As imagens fotográficas são essenciais à promoção da cidade. Afirmam-na, distinguem-na, explicam-na. Registam-na e fixam-na. Contam a sua história, porque são a História. Roger Thérond (fotógrafo do “Paris Match”) escreveu que «A fotografia é a única maneira de fazer parar o tempo que passa.»
E o tempo do Porto anda por aí em livros, revistas, folhetos, postais, cartazes e, através da internet, corre mundo. Todavia, fica bem perguntar qual o conceito de Invicta difundido urbi et orbi. Quais as imagens que mostram a nossa identidade?

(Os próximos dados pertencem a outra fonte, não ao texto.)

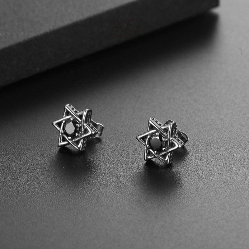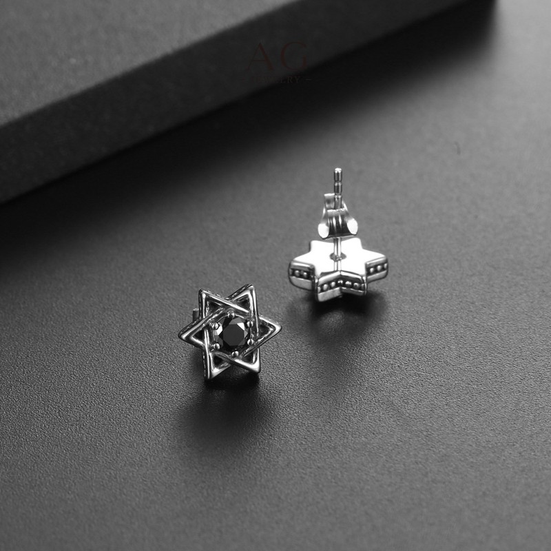AG Men‘s Black Zirconia Stud Earrings Onyx Style Jewelry OEM Service AG JEWELRY AGCF151
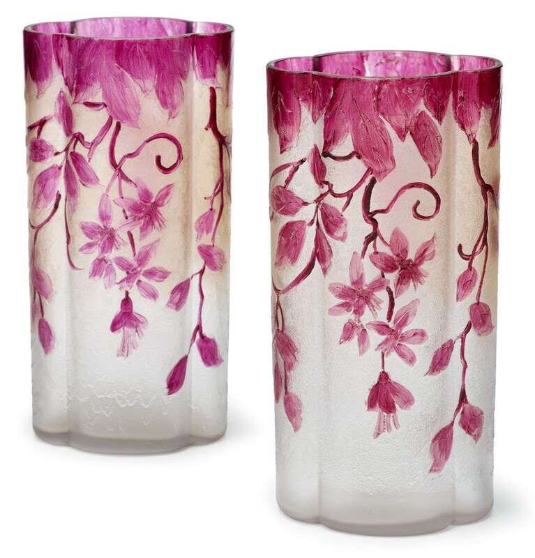 Pair of French Legras pink painted glass vases signed legras

Há tempos, realizei uma investigação, analisando 270 fotografias de 30 revistas de viagens mostrando o Porto. O resultado foi esclarecedor: Ribeira, Ponte Luís I e Barcos Rabelos correspondiam a 25% do total. Os restantes temas espalhavam-se entre o vinho do Porto (12 fotos) e 34 locais com um registo. Mas a maior surpresa foi o número de fotos por freguesia, predominando S. Nicolau (74), St.º Ildefonso (59), Sé (40) e Vitória (24). Paranhos aparecia 2 vezes e Campanhã uma. Miragaia (5) e Massarelos (4) não faziam jus aos seus atractivos. As imagens dominantes eram da Ribeira / Ponte / Douro / Sé e Vitória e, um pouco, a Baixa.
Acho curto. E a situação deve ter-se agudizado, a avaliar pelo que mostra a internet. Embora o Património da Humanidade seja primordial, o Porto devia ser mostrado extensivamente, alargando a observação a outros imaginários. Celebrando o carácter profundo da cidade em lugares entre o sublime e o encantador: Foz Velha, Vale de Campanhã, Monte Covelo, Miragaia, Vale de Massarelos (onde agonizam os caminhos do Romântico), Prelada, Fontainhas, etc.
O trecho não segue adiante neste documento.